## Task prompt
Look for the line with "所以,从视觉上来说修改过的圆(右)比几何圆(左)看起来更圆。"; please transcribe it and every later line in the entries exactly, up to the end, leaving pictures out.

═════ Data to examine ═════

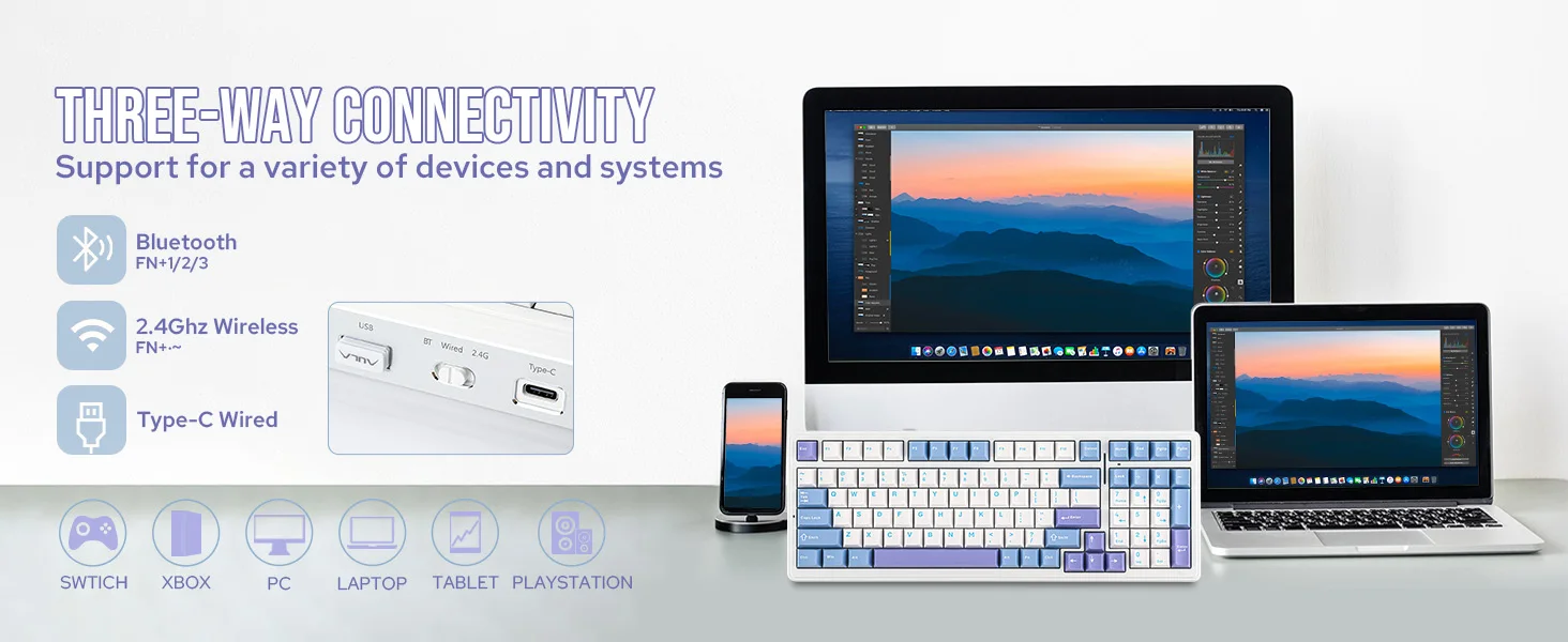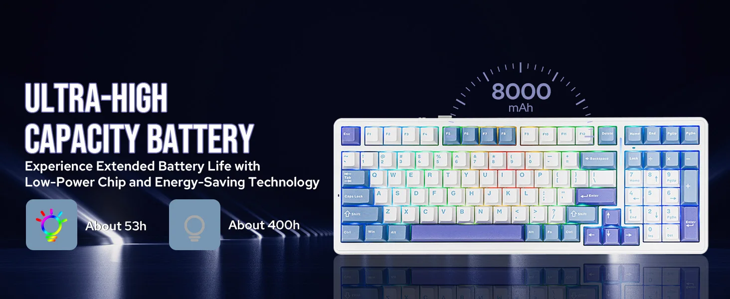 Equipado con una impresionante batería recargable de 8000 mAh, el teclado inalámbrico F99 ofrece el doble de la potencia de los teclados para juegos típicos, lo que permite hasta 400 horas de juego ininterrumpido sin retroiluminación.Su modo Bluetooth adaptable permite cambiar rápidamente entre PC/portátiles/tabletas y Windows/MacOS/iOS/Android, mientras que las opciones de cable inalámbrico y USB de 2,4 GHz garantizan estabilidad y capacidad de respuesta de alto nivel con una velocidad de sondeo de 1000 Hz.(Exclusivo del interruptor Pink Dream Sakura)
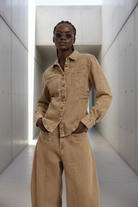 החולצה בגזרה משוחררת עם כפתורים קדמיים – מושלמת ללבישה סגורה כסט או פתוחה מעל טופ.
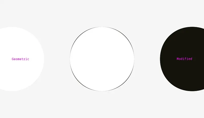 所以,从视觉上来说修改过的圆(右)比几何圆(左)看起来更圆。
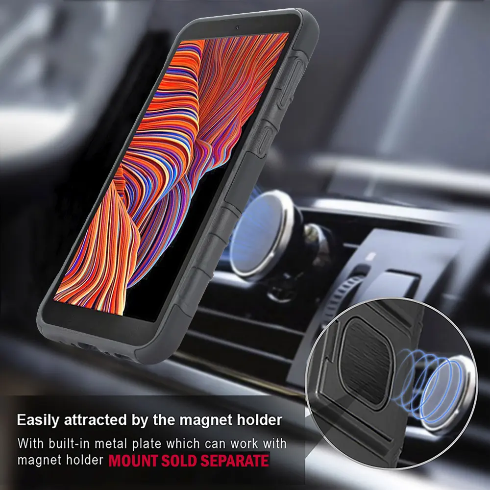 Case with Clip for Galaxy XCover 5, Nakedcellphone Black Rugged Cover [with Finger Grip Stand] + [Built-In Mounting Plate] + [Belt Hip Holster] for Samsung Galaxy XCover 5 Phone (SM-G525)
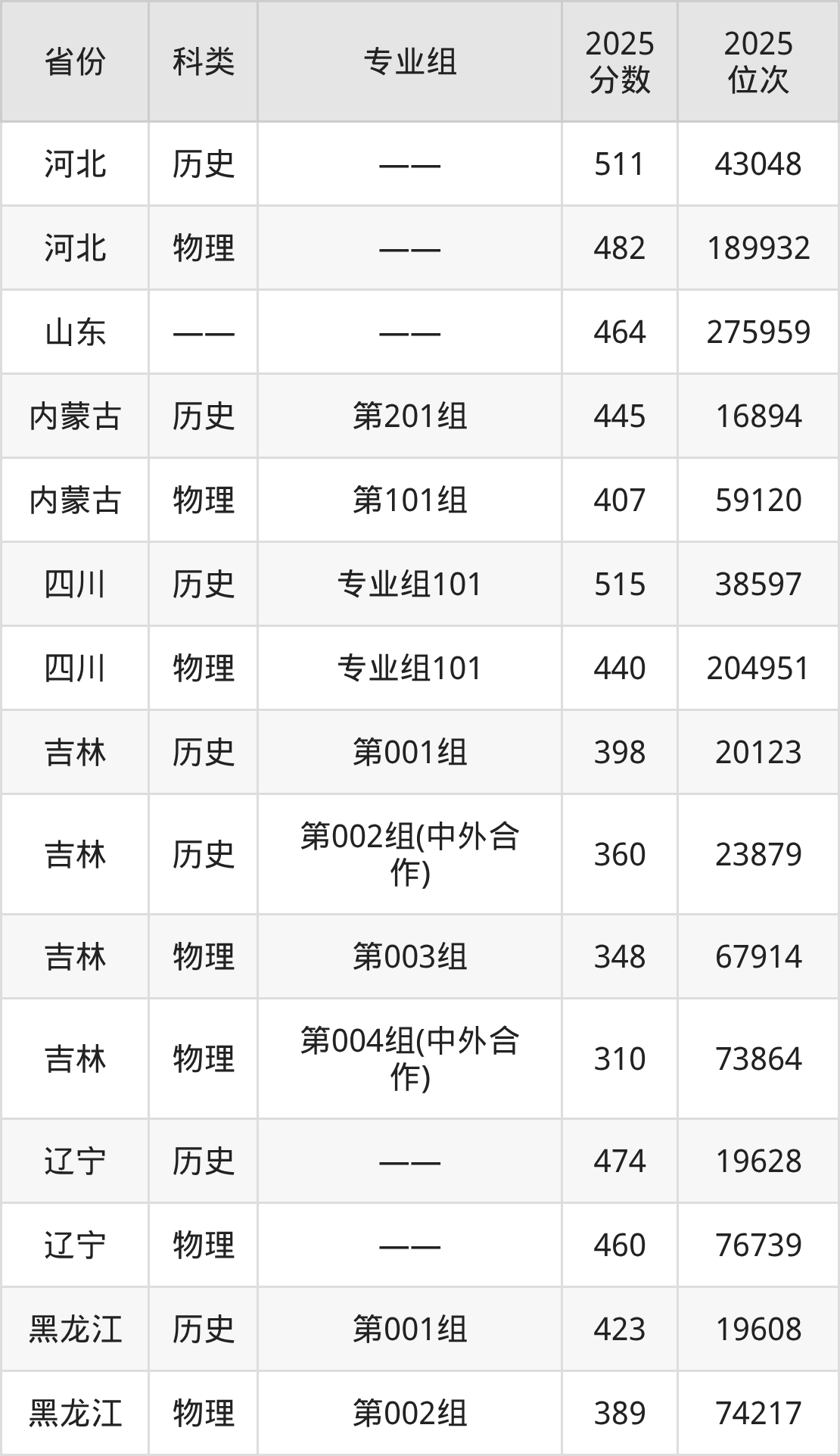 除上述省份外,白城医学高等专科学校2025各省录取最低分详情见下:
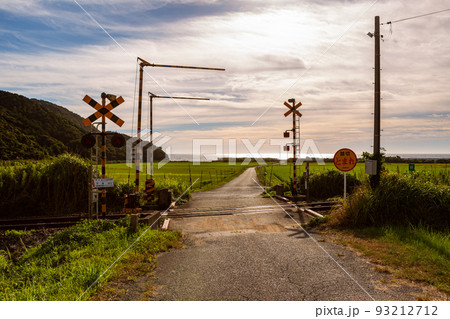 山陰本線本郷踏切と水田の風景 山口県下関市豊浦町
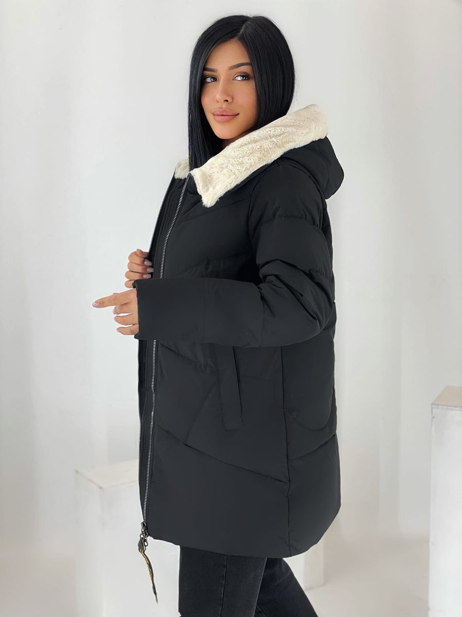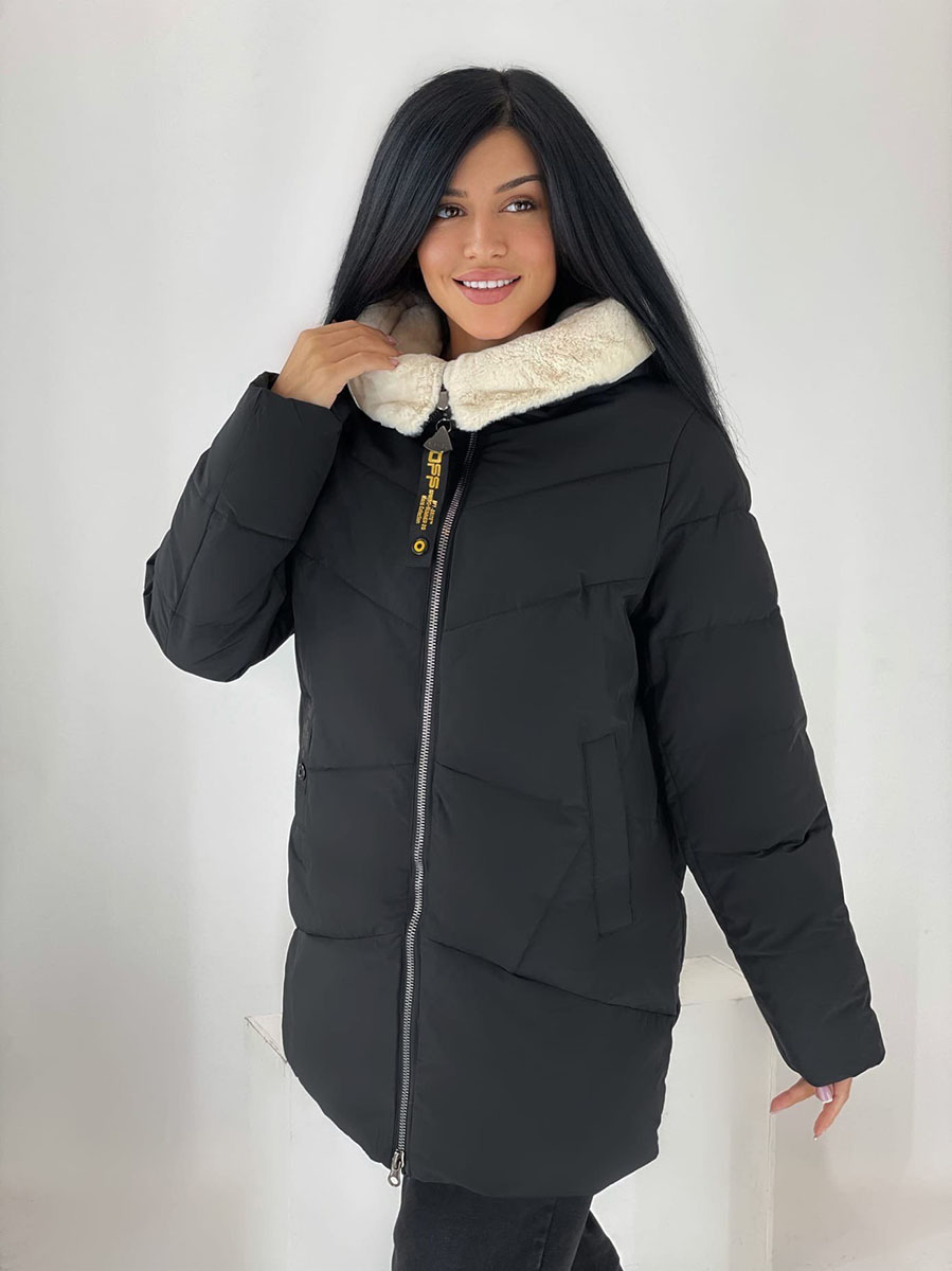 Описание: Куртка зимняя женская черного цвета. Высокий воротник декорирован искусственным мехом. Есть капюшон. Застежка на молнии, есть два кармана.

═════

## Reply
 所以,从视觉上来说修改过的圆(右)比几何圆(左)看起来更圆。
 Case with Clip for Galaxy XCover 5, Nakedcellphone Black Rugged Cover [with Finger Grip Stand] + [Built-In Mounting Plate] + [Belt Hip Holster] for Samsung Galaxy XCover 5 Phone (SM-G525)
 除上述省份外,白城医学高等专科学校2025各省录取最低分详情见下:
 山陰本線本郷踏切と水田の風景 山口県下関市豊浦町
 Описание: Куртка зимняя женская черного цвета. Высокий воротник декорирован искусственным мехом. Есть капюшон. Застежка на молнии, есть два кармана.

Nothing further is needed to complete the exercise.